Friends — At the end of the day, legislators ax important bills for a few reasons that center around bad polling:
1️⃣ Our political ecosystem lacks a diversity of voices behind the scenes. It’s the same old consultants, the same old lobbyists, and the same old polling practices.
2️⃣ Legislators want to position themselves the best they can to win reelection, or even for some other endeavors sometimes (👀ex-Sen. Guy Palumbo👀).
3️⃣ The voters legislators prioritize tend to be the same old “high propensity” voters [AKA voters who vote frequently, often measured as voting, at minimum, two times out of the past three elections].
4️⃣ The ways number 1 interacts with number 2, and then how number 3 also informs number 2. We’ll refrain from making a bathroom joke here like a six-year-old, but we were close.
The Legislature as a whole ultimately lacks any sort of rigorous polling, message testing, or feedback loops with constituents. Even most of the “high propensity” voters tend to never hear or see from the person they voted for and/or elected again. Well, outside of news coverage.
Even worse, polling tends to be riddled with statistical errors and outdated practices. Legislators are nonetheless briefed on these unreliable polling results, including those that let biases drive their data which then lead to, say, the polling errors in 2016 and 2020.
But polling can be how we talk to communities at-scale, without silos, and with the scientific rigor they deserve. As of right now, though, there are very few polls. The few polls that do shape our state’s politics don’t factor for bias. They rarely, if ever, compare competing messages and messengers. And, most importantly, polling doesn’t ask respondents who they trust to govern on the issues.
That leaves legislators operating and making decisions in an echo chamber. AKA, they get to retain confidence where there should be none. They believe, thanks to numbers 1-4, that their reelections are safe when they do nothing. They BANK on people not noticing, or at least feeling comfortable that there were simply ✨attempts✨ at progress. Well, guess what, we’ve noticed. And we won’t be satisfied.

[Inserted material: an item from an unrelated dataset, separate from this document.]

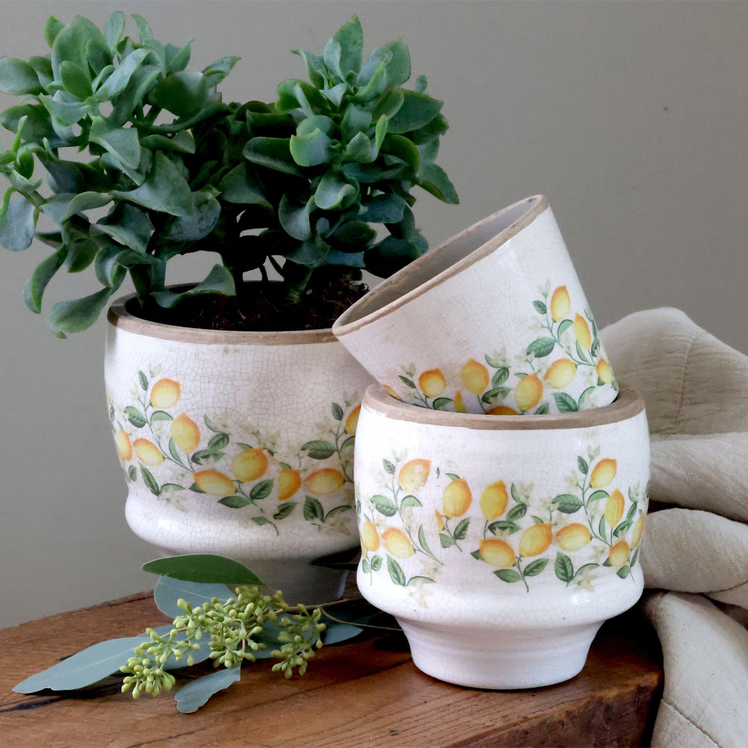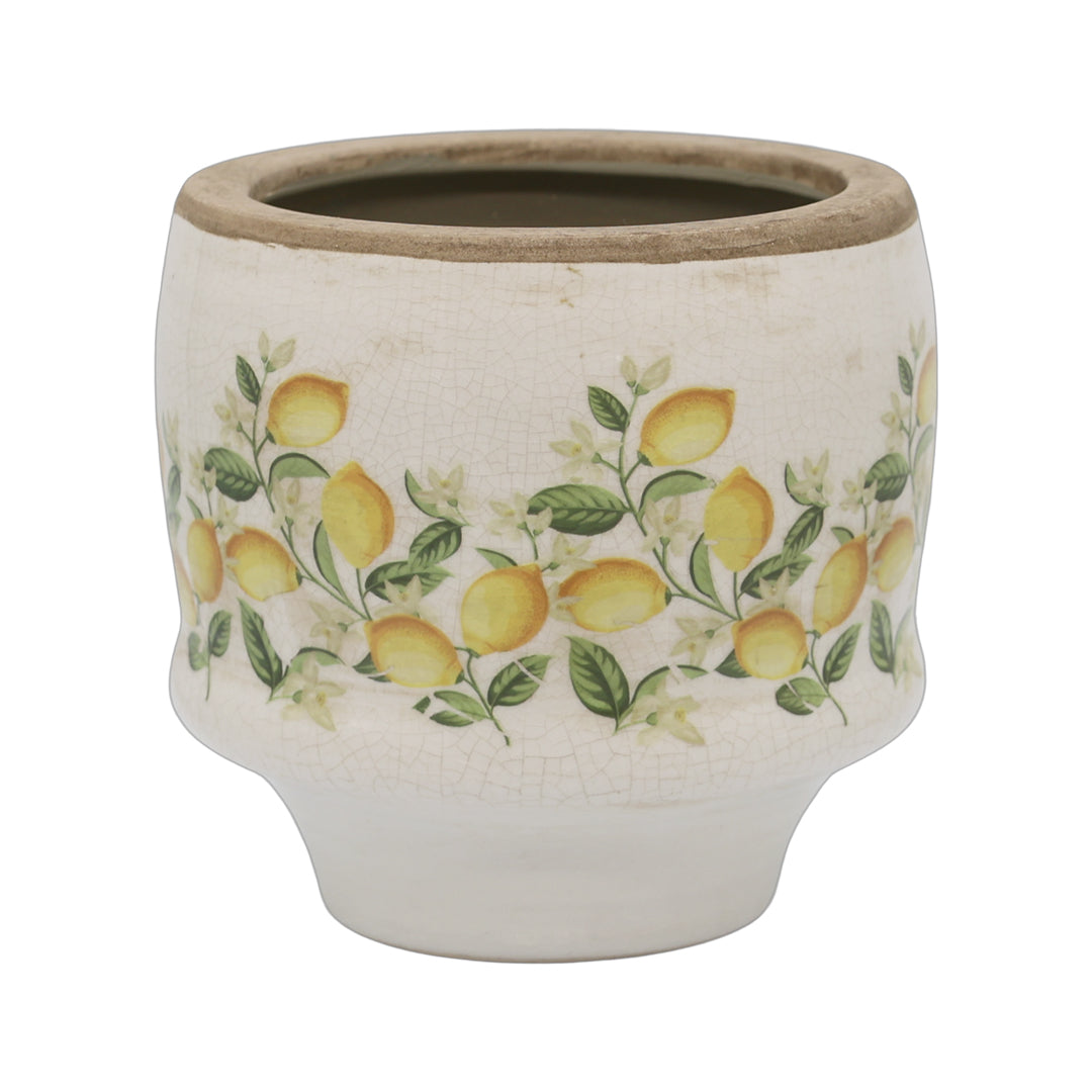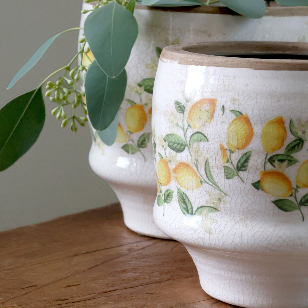 Limone Blossom Übertopf mit Zitronen und Blumen – Klein

In fact, we have a solution: Pass the bills that would strengthen democracy to create an electorate that is actually representative of Washingtonians, which we know support our bills. You can’t out-organize “propensity” habits (the frequency in which someone votes). Only structural change does that.
Washington state has a big opportunity to address these issues! I mean, we have an economy the size of Sweden, and 3 million fewer people. Like, come on.
Sure, our state’s notoriously been an anti-tax political environment: Our constitution bans an income tax and yet mandates for means-tested (long story, just know it’s poor policy) benefits. But we can turn it around with large majorities in the legislature, state initiatives, or new interpretations from our State Supreme Court—one of the most diverse and progressive in the country.
Our state also faced a big lack of state capacity to administer large welfare programs. But our new department is changing: Delivering child benefits, and most recently (and big cause for us to celebrate) the Immigrant Relief Fund. Remember? Over $100 million in stimulus payments to undocumented workers!
Not to mention how all of us experience a zero-sum game with our winner-takes-all electoral system. Which is exactly why we work together in coalitions across the state to continue rapidly growing a democracy-strengthening movement. [This is where you’d see the ranked-choice voting bills waving at you.]
Bottom line: We need rigorous, foolproof polling! It would help us understand to what extent agendas are truly popular, what we can do to make popular what we feel is necessary, and actually make a dent in, well, *gestures wildly* all of this.